Work instructions - Return every line from the one with "后备厢方面,四款车型的后备厢" through the one with "やわらかい色合いがかわいい、", inclusive, exactly as it appears below.

Source material -
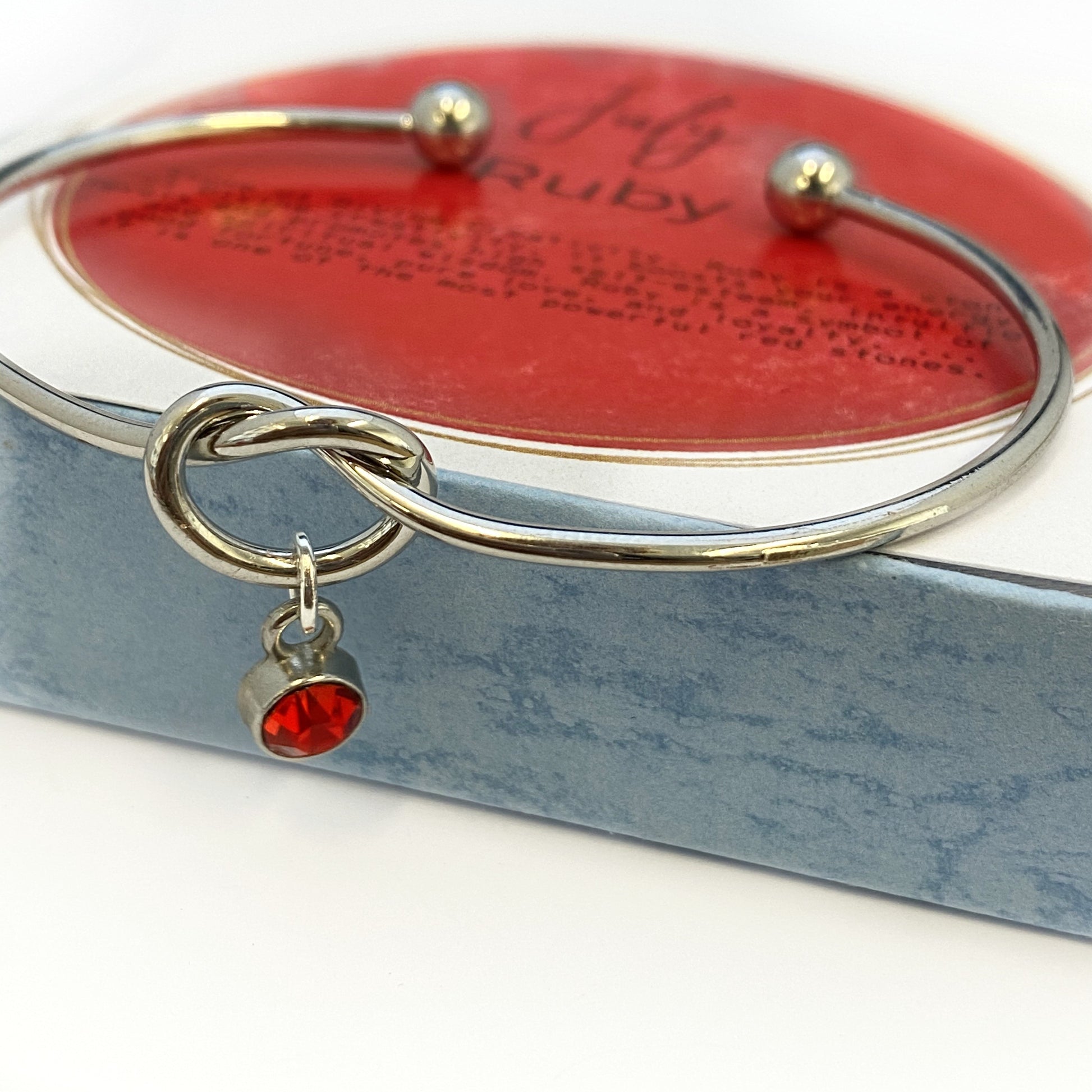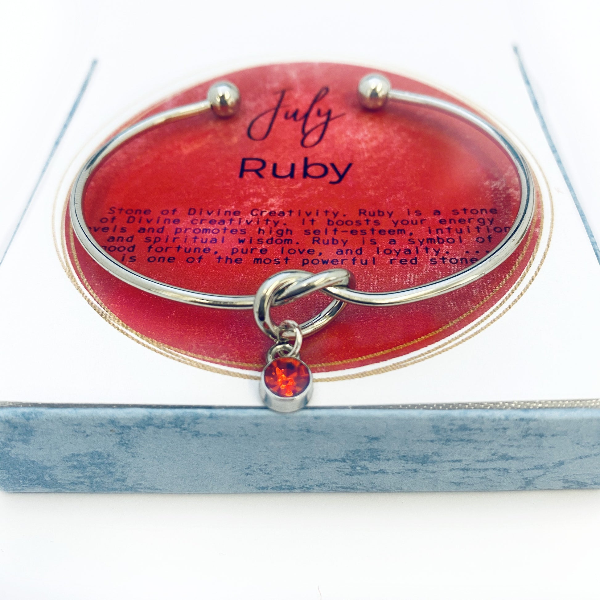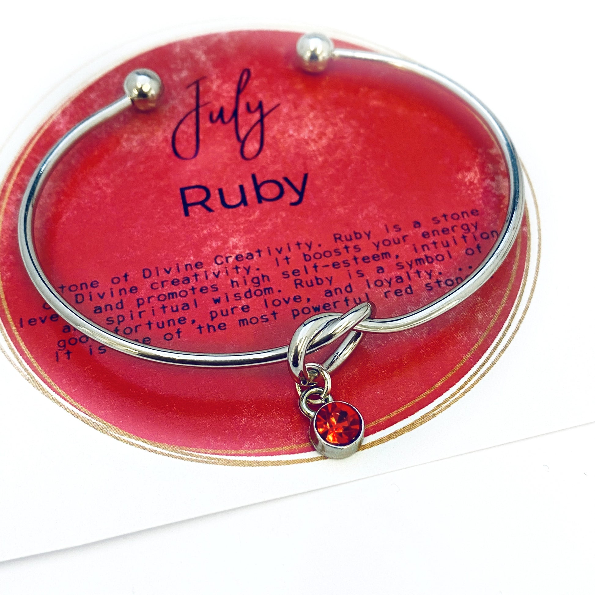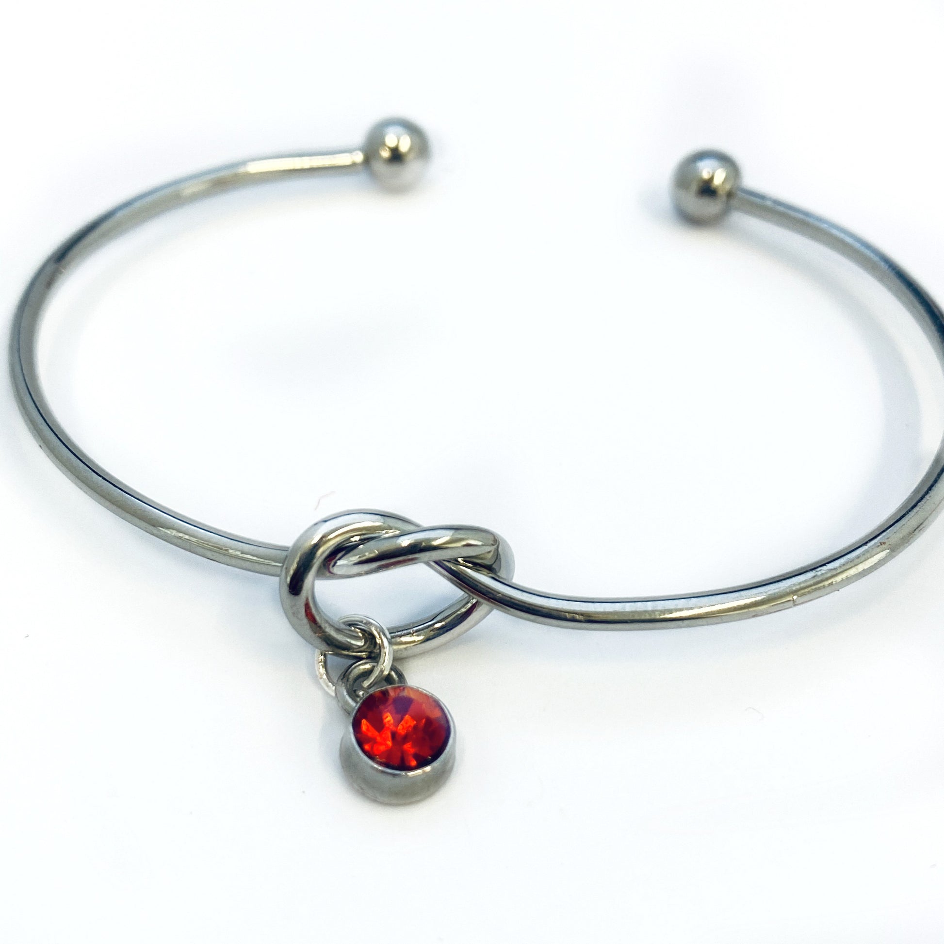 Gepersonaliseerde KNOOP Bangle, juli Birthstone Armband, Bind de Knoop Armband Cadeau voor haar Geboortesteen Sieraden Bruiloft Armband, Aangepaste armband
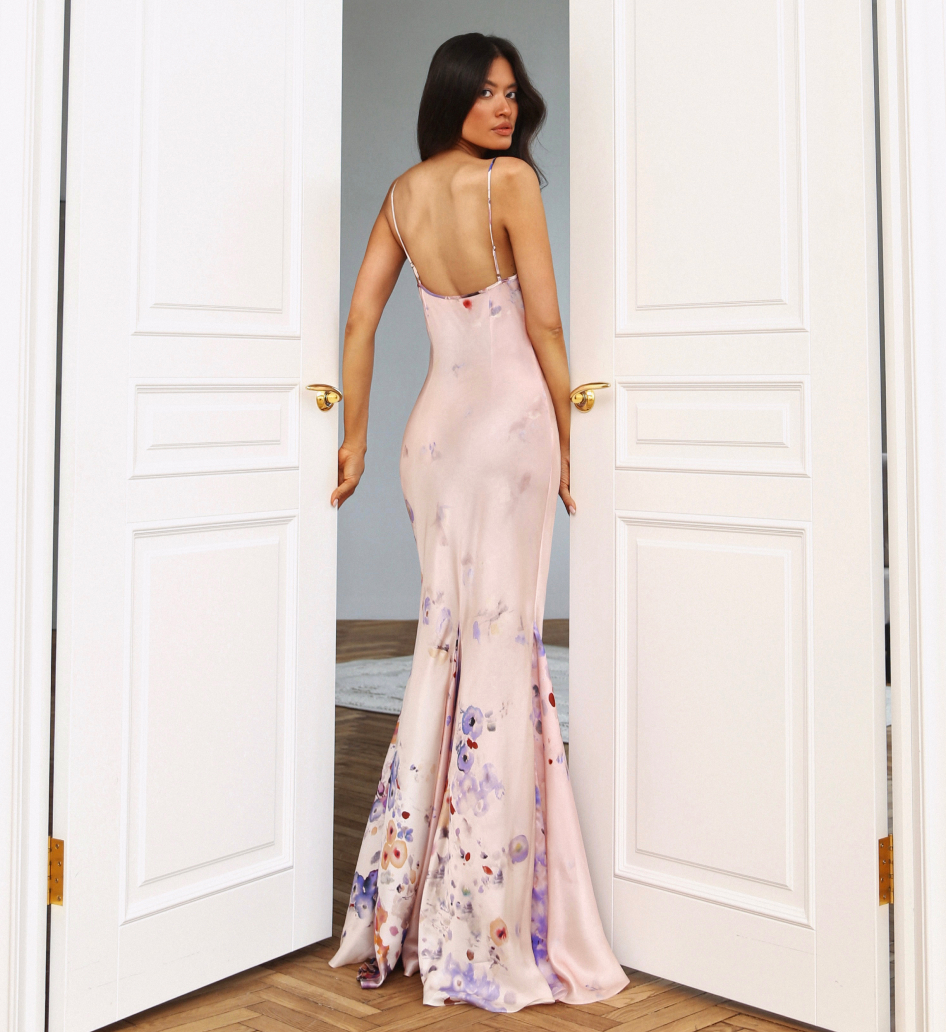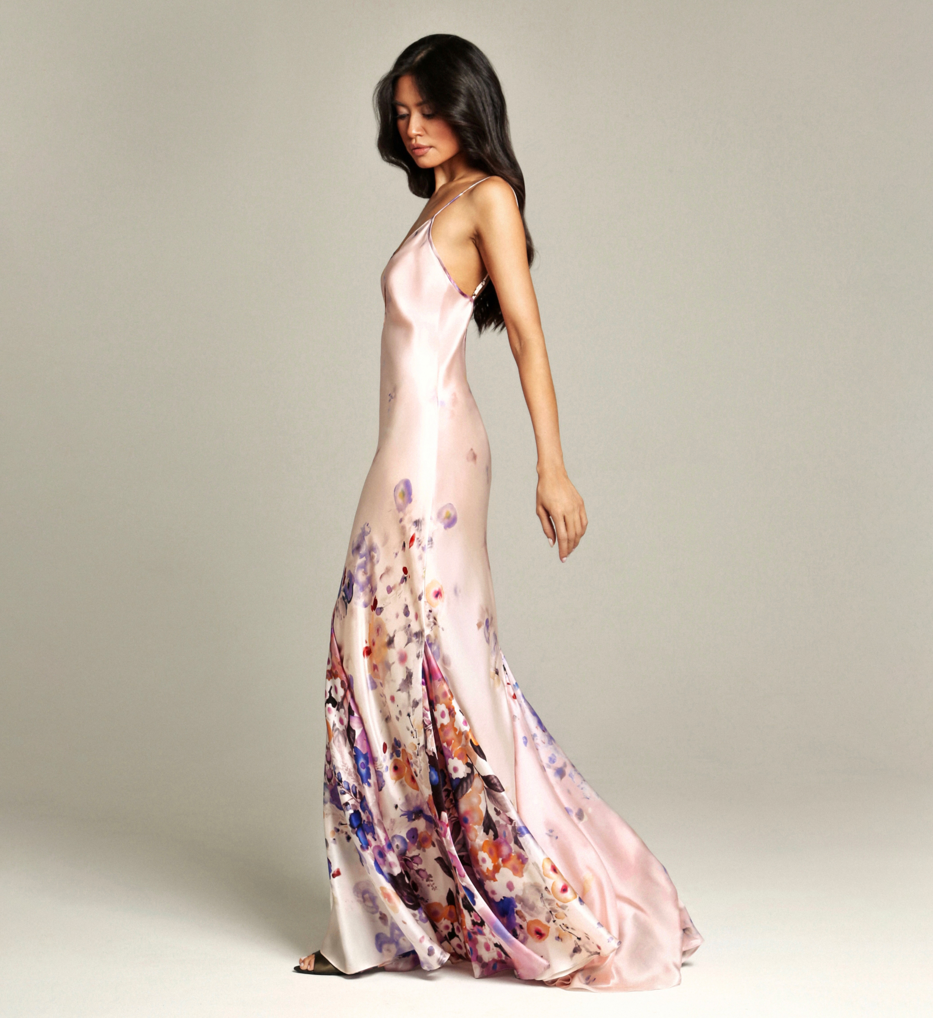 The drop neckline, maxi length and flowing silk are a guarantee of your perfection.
==
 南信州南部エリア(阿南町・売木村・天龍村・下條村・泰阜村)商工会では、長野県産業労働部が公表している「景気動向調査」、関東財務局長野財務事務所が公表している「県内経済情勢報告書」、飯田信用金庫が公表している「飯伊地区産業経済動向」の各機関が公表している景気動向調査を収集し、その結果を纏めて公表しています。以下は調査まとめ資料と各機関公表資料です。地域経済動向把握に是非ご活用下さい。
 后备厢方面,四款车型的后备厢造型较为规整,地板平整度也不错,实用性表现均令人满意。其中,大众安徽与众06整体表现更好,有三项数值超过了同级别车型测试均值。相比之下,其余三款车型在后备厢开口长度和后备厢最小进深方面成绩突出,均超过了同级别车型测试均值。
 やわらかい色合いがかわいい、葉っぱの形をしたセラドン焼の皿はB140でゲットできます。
...
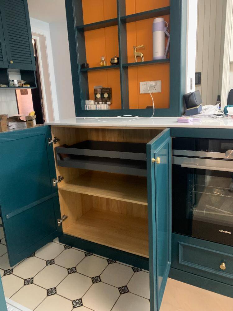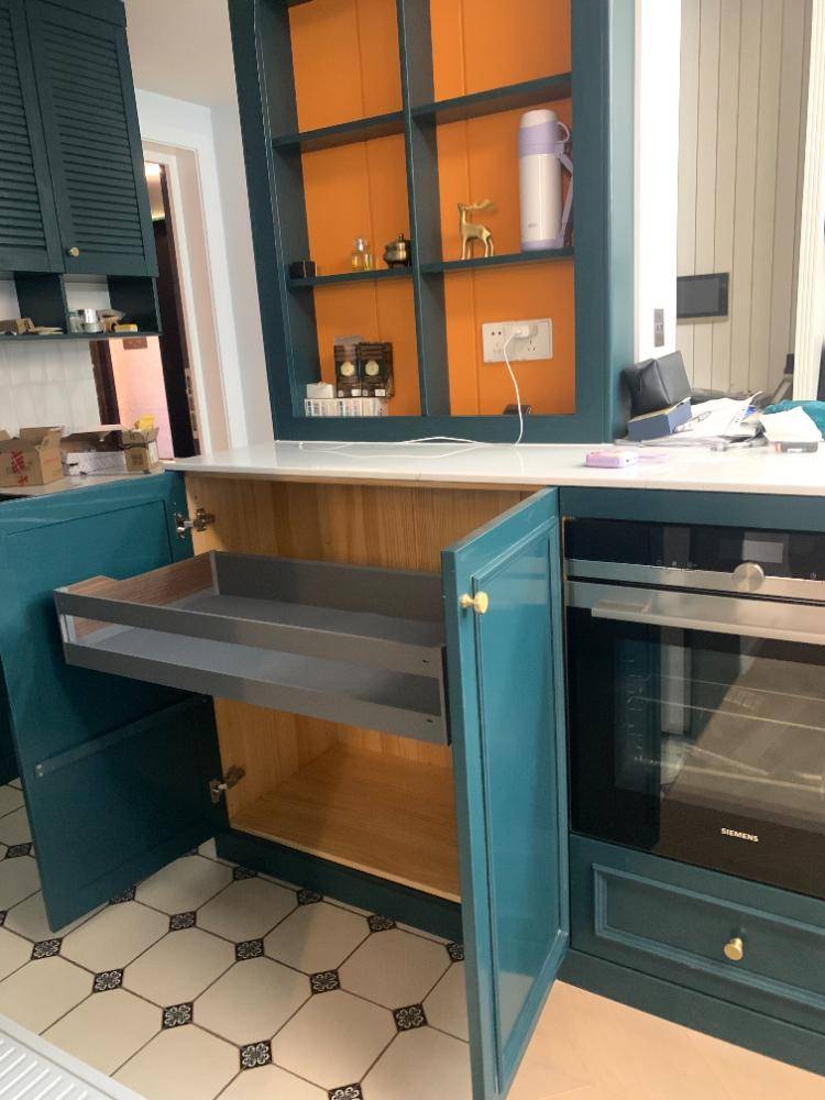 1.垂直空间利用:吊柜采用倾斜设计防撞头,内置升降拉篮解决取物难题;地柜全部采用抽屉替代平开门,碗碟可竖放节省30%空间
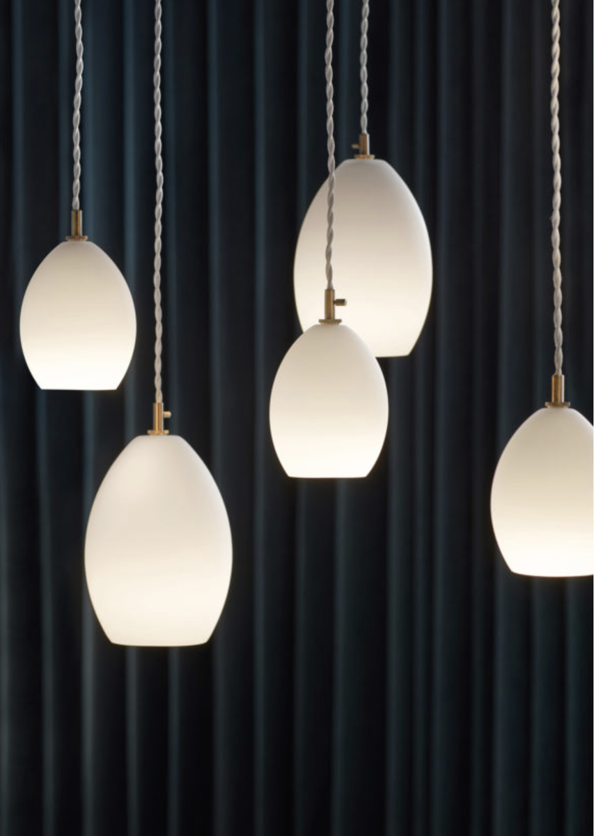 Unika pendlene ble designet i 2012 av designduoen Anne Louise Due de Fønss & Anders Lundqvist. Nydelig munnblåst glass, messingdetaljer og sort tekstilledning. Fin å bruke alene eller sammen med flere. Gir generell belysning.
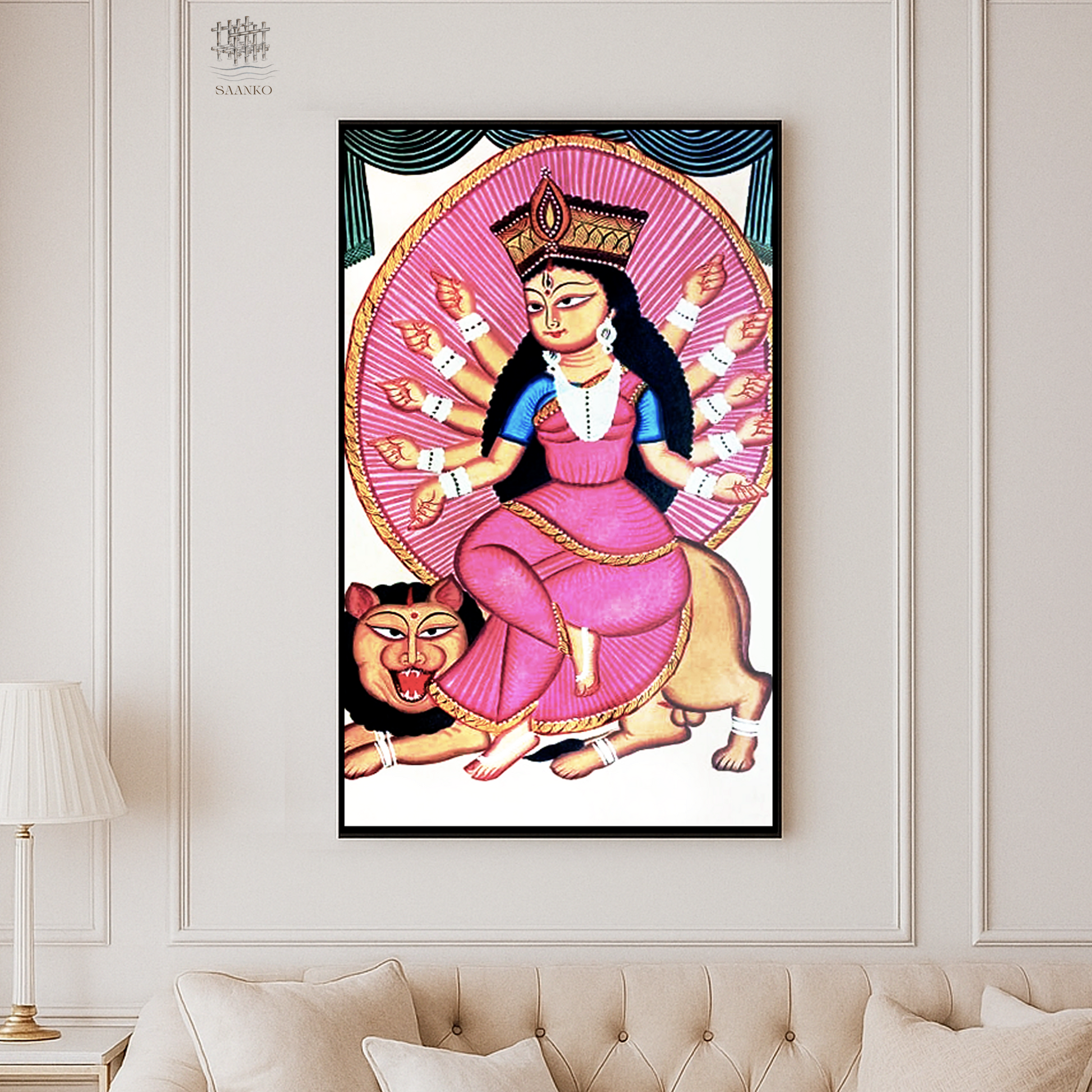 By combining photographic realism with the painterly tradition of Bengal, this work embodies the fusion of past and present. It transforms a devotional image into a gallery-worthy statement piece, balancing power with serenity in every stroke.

Output of the task -
 后备厢方面,四款车型的后备厢造型较为规整,地板平整度也不错,实用性表现均令人满意。其中,大众安徽与众06整体表现更好,有三项数值超过了同级别车型测试均值。相比之下,其余三款车型在后备厢开口长度和后备厢最小进深方面成绩突出,均超过了同级别车型测试均值。
 やわらかい色合いがかわいい、葉っぱの形をしたセラドン焼の皿はB140でゲットできます。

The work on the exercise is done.